Through its extensive experience working with clients on corporate-center design issues, BCG has identified six archetypal parenting strategies. In the business world, corporate centers are rarely “pure” examples of any single archetype—in practice, most parenting strategies are variants of the basic strategic types. But most corporate centers have, at least implicitly, a single prevailing parenting strategy, which can be assigned to one of the following six categories.
Hands-off Owner. This extremely cautious, conservative approach calls for the corporate center to engage primarily in portfolio development, adding new businesses to its portfolio and divesting others but exerting no central control over individual businesses. This strategy is, for example, typically followed by state-owned investment funds.
Financial Sponsor. The center of the financial sponsor exists primarily to provide financing advantages and governance oversight to the business units, with minimal involvement in strategy and operations. This strategy tends to be the province of traditional private-equity firms and financial holding companies.

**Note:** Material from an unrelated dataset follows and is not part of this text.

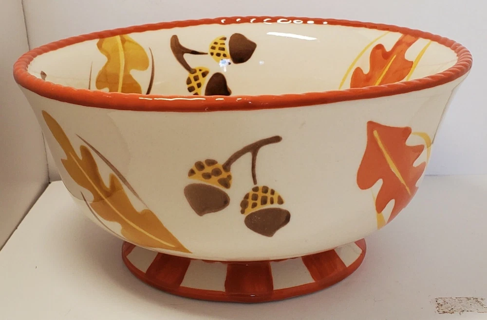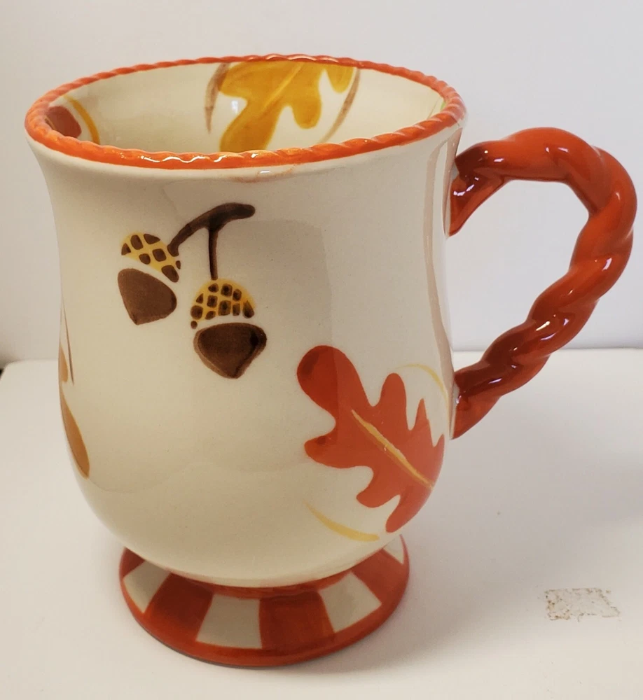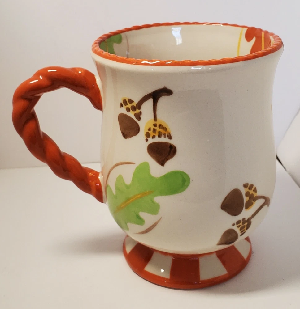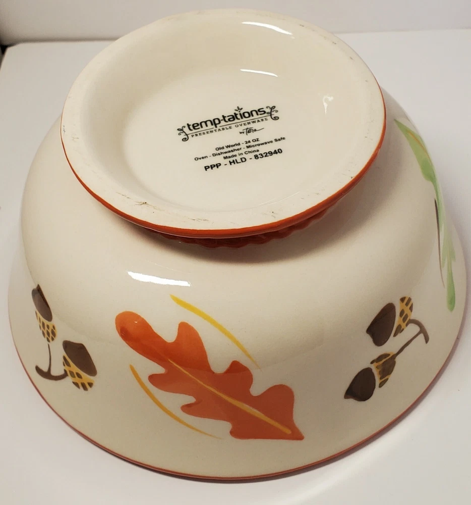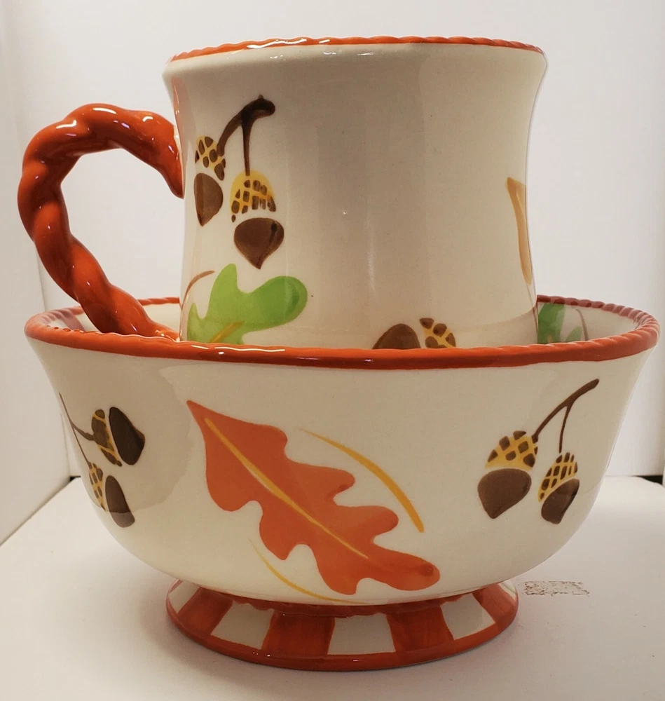 Temptations Old World Fall Leaf & Acorn 24 Oz Bowl (3" tall x 7" diam) & 16 Oz Footed Mug (5" tall x 6" wide at handle) Custom 2 piece set. This set would be nice in a basket with assorted tea or coffee and oatmeal; or hot chocolate and ice cream sprinkles. No chips/cracks noted. Please see photos. Also, please look at my other Temptations listings.

Family Builder. The family builder maintains a limited level of engagement with the units, with its main value-creating activities confined to providing financing and developing a synergistic portfolio; that is, these corporations assemble businesses with natural synergies in, say, production and sales.1 This strategy is commonly seen at diversified fast-moving-consumer-goods companies.
Strategic Guide. The strategic guide’s center plays an active role in formulating the strategies of business units and the overall enterprise, with little engagement in other phases of the business. The primary adherents of this strategy are diversified conglomerates with large portfolios of independent, but related businesses.
Functional Leader. The main contribution to corporate value made by the functional leader comes from its promotion of functional excellence and the cost-efficient bundling of services. This strategy is most often seen at large, integrated multibusiness corporations.
Hands-on Manager. This center is the most activist corporate parent, engaged closely in the management and operations of each business unit and leaving the units responsible only for execution. This strategy is most appropriate for companies with a focused portfolio of businesses operating in mature industries.
1. BCG’s earlier report, First Do No Harm: How to Be a Good Corporate Parent, named this strategy Synergy creation.
In this latest report, we turn to the question of designing the corporate center once top management has settled on a parenting strategy. In essence, we ask what the parenting strategy implies about the optimal shape, scope, processes, and required competencies of the corporate center.
Through which activities does the center exert control? What are the lines of authority—that is, at what level do the board and corporate center interact with the business units, and where are those interactions most intense? What decision rights do the business units retain? In short, what is the mandate of each of the six parenting strategies, and what kinds of organizational design do those mandates dictate?